In order to be effective when introducing a new technology or new policy we need to understand how social learning operates at a multitude of different scales - from local organizations and communities, through to cities and states. It is not enough to introduce a "better" or more economical option and simply assume that it will be broadly adopted. Research on the effect of social learning on collective decision outcomes has come to mixed conclusions. Some find social learners impair collective performance, some find them beneficial, and some argue they depend on the network structure, adaptability, or the level of network effects. The question is challenging to address because collective decision outcomes depend on the insufficiently understood interactions of multiple cognitive and social factors, including cognitive strategies relying on individual or social learning, task properties, and the social influence processes. Few attempts have been made at developing overarching mathematical frameworks capable of integrating these complex interactions into parsimonious theories. What is required is an approach that can explicitly compare different assumptions within an overarching mathematical framework that enables exploration of the dynamics underlying collective performance. This needs to include both adaptive agents described in terms of cognitive strategies (individual vs. social learning), the classical rewards and incentives as encoded in task properties (relative merit of options), and structures supporting the social influence processes (normative vs. informational conformity). Collective decision making is grounded in imperfect, local information that drives local learning outcomes. Engineered mechanisms of consensus generation and information diffusion need to take account of the emergent properties of groups and social circuits.
Primary Project Objectives:
- Characterize how social networks and individual beliefs interact so as to increase or reduce the acceptance of new energy policies.
- Discover optimal group sizes and how they might be encouraged in order to maximize the efficiencies of group decision making.
- Model the adaptive dynamics of learners in communities and their relative success in relation to a variety of different incentives and sources of information provided at different organizational scales.
Two notable characteristics of political and economic life are stasis and transformation. The Annals historian, Fernand Braudel, described the heterogeneous movements of history as ‘what moves rapidly, what moves slowly, and what appears not to move at all.’ Over the course of years, some patterns of belief, theories, fashions, firms, and political views are fickle whereas others appear frozen. One key to understanding these dynamic patterns is to think of individuals in relation to the institutions that they create, and how these in time, come to govern their lives. It is not enough to change public opinion. It is necessary to change the institutional context in which opinions are exchanged and collective decisions reached. In relation to Emergent Engineering, institutions should provide a minimal mechanism enhancing local adaptability and promote social inclusion.

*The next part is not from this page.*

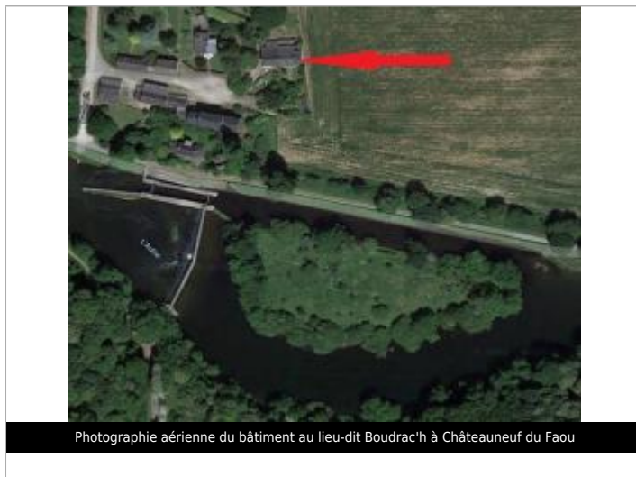
Photographie aérienne du bâtiment au lieu-dit Boudrac'h à Châteauneuf du Faou
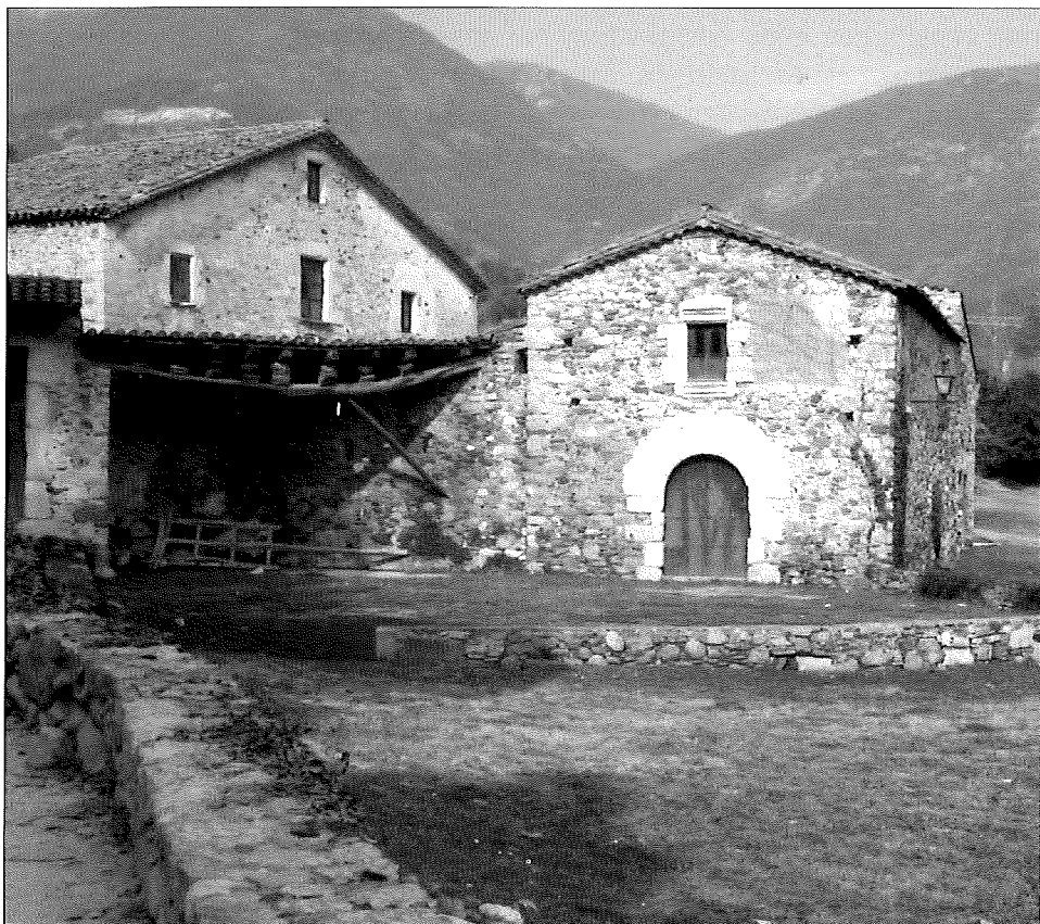
Can Figueres, també a Gualba

The idea of the “institution”, defined very generally by the Nobel Prize winning economist Douglas North as the humanly devised constraints that structure political, economic, and social interactions, includes a range of diverse phenomena from social norms and laws to firms, political doctrines, and scientific theories. This space might further be organized into institutions supported by codified laws and policies including firms, markets, rule-based abstractions such as scientific theories, fashions, political beliefs, and social norms, encoded largely through collective perception. In an influential 2012 work on institutional economics, Why Nations Fail, sociologists Acemoglu and Robinson, explored the idea that institutional structures are the primary determinant of national welfare. They sought to show how institutions tend to outweigh historical inertia, a diversity of cultural factors, and geographical position, in explaining differences in local living standards. For Acemoglu and Robinson, institutions are a set of formal and informal rules and mechanisms for coercing individuals to comply with a larger set of rules that exist in society. And these can either be extractive, thereby excluding certain populations from income, or inclusive promoting greater fairness. Within this framework social revolution is the primary driver of large-scale change. Therefore, finding some principled means of promoting their evolution, without requiring upheavals on the scale of national revolutions, would be of obvious importance.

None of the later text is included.